The International Monetary Fund (IMF) board of governors has approved a US$650 billion Special Drawing Rights (SDR) general allocation for its member countries as a way of boosting global liquidity.
The general allocation of SDRs will become effective on August 23, 2021, and will benefit all our member countries and support the global recovery from the COVID-19 crisis.
IMF Managing Director Kristalina Georgieva said this allocation SDR will provide additional liquidity to the global economic system by supplementing the reserve assets of the Fund’s 190 member countries.
“The SDR allocation will benefit all members, address the long-term global need for reserves, build confidence, and foster the resilience and stability of the global economy. It will particularly help our most vulnerable countries struggling to cope with the impact of the COVID-19 crisis,” she said.
About US$275 billion (about SDR 193 billion) of the new allocation will go to emerging markets and developing countries, including low-income countries.

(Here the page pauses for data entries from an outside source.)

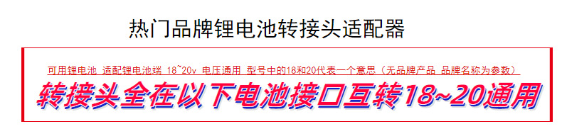 1, 本产品适用于牧田米沃奇得伟博世百德卜派史丹利7款平推锂电池(14.4-20v).
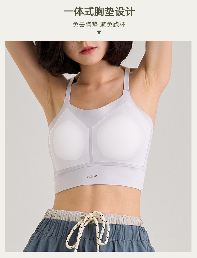 【裸感面料】一体式胸垫运动背心 后背可调节交叉绑带 一片式激光切割 无痕胸衣 中高强包裹好 无束缚
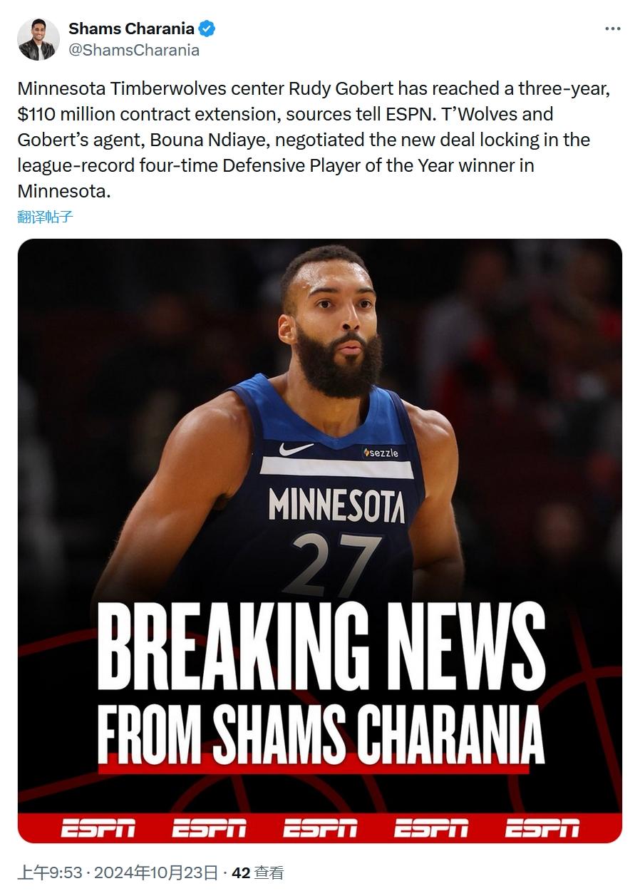 北京时间10月23日,新赛季NBA正式拉开战幕。在森林狼队与湖人队比赛开始之前,据名记Shams报道称,森林狼队中锋与球队达成一份3年价值1.1亿美金的续约合同。
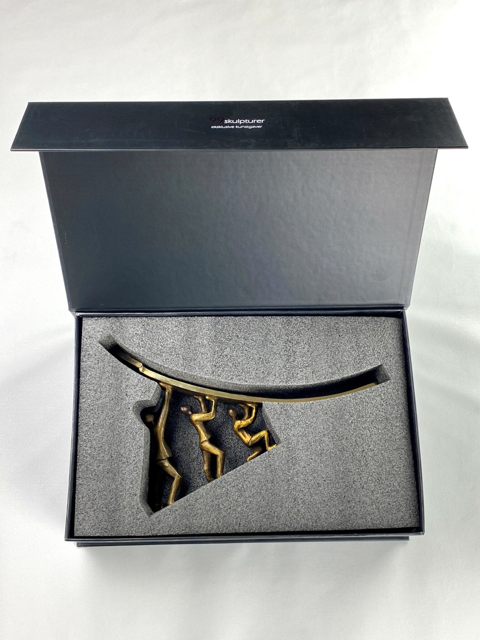 Skulpturen levereras i en fin presentask med beskrivning av konstnären och konstverket.
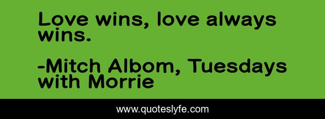 "Mitch Albom, Tuesdays with Morrie Quotes." Quoteslyfe.com, 2025. Sat. 06 Dec. 2025. <https://www.quoteslyfe.com/quote/Love-wins-love-always-wins-566>.
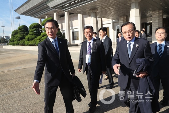 평양 체류 기간 남북 당국 간 협의가 진행될 것으로 예상되는 데 대해, 조 장관은 “평양공동선언을 속도감 있게 이행할 수 있는 그런 계기를 만들겠다”며 “평양공동선언 이행을 위한 여러 가지 회담 일정이라든가 후속 사업들의 기본 방향에 대해서 논의가 있을 것”이라고 말했다.

“We will also continue to engage actively with our membership to identify viable options for voluntary channelling of SDRs from wealthier to poorer and more vulnerable member countries to support their pandemic recovery and achieve resilient and sustainable growth”, Ms Georgieva said.
Ms Kristalina Georgieva made this SDR allocation formal proposal was made in June based on an assessment of IMF member countries’ long-term global reserve needs, and consistent with the Articles of Agreement and the IMF’s mandate.
One key option is for members that have strong external positions to voluntarily channel part of their SDRs to scale up lending for low-income countries through the IMF’s Poverty Reduction and Growth Trust (PRGT).
The IMF is also exploring other options to help poorer and more vulnerable countries in their recovery efforts. A new Resilience and Sustainability Trust could be considered to facilitate more resilient and sustainable growth in the medium term.